Professor Neil Turner says that having a healthy lifestyle and diet is important for people with kidney disease.

Just in very broad principles, people with kidney disease, they're going to face a lifetime of having kidney disease. And some of the problems are going to be related to their kidneys, but we know that patients with kidney disease are also more likely to get heart disease. Perhaps because of the high blood pressure, and so on. So the general advice about eating healthy and living healthy is particularly important to patients with kidney disease. So early in kidney disease, the best advice is just to follow good healthy living and eating advice. There aren't any particular restrictions that you should be placing on kidney patients at that time, with just two exceptions.
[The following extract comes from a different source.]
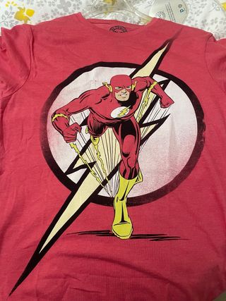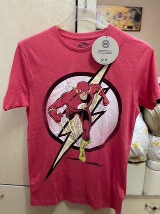 Camiseta oficial de DC Comics con el diseño de The Flash, el superhéroe de DC Cómics. - Estampado del personaje en acción. - Logo de DC Comics en la etiqueta. De sisa a sisa mide 48 cm y el ancho del cuerpo 49 cm, de hombro a hombro 44 y 69 de largo desde el cuello.

So, one is - and it's not really an exception - it's particularly important for kidney patients not to eat too much salt. Because it your kidney function isn't as good, your kidneys struggle to get rid of it, and it causes high blood pressure. But actually that's general advice to the population. It's maybe, it's maybe just more important that kidney patients should follow it. There's a lot of talk on the internet and everywhere about what you should do with protein. And in the past we used to recommend that people should restrict the amount of protein they eat, and eat low protein diets. We've actually gone off that quite a lot, because with modern treatments for blood pressure and ACE inhibitors, it looks like diet makes very little, if any - or low protein makes very little, if any, difference to what happens. And there's a real risk that people on very low protein diets actually end up malnourished and ill. So we've, we've moved away from that. On the other hand, you should definitely avoid very high protein intake. And that's not often a problem with normal diets in the UK. Maybe it's more of an issue in North America, where you're having moose steaks three times a day. But it does, it - it does arise with people going to the gym, and being told to take protein supplements for sport and so on. Patients with kidney disease should not do that. That's the only other specific bit of advice, beyond healthy living.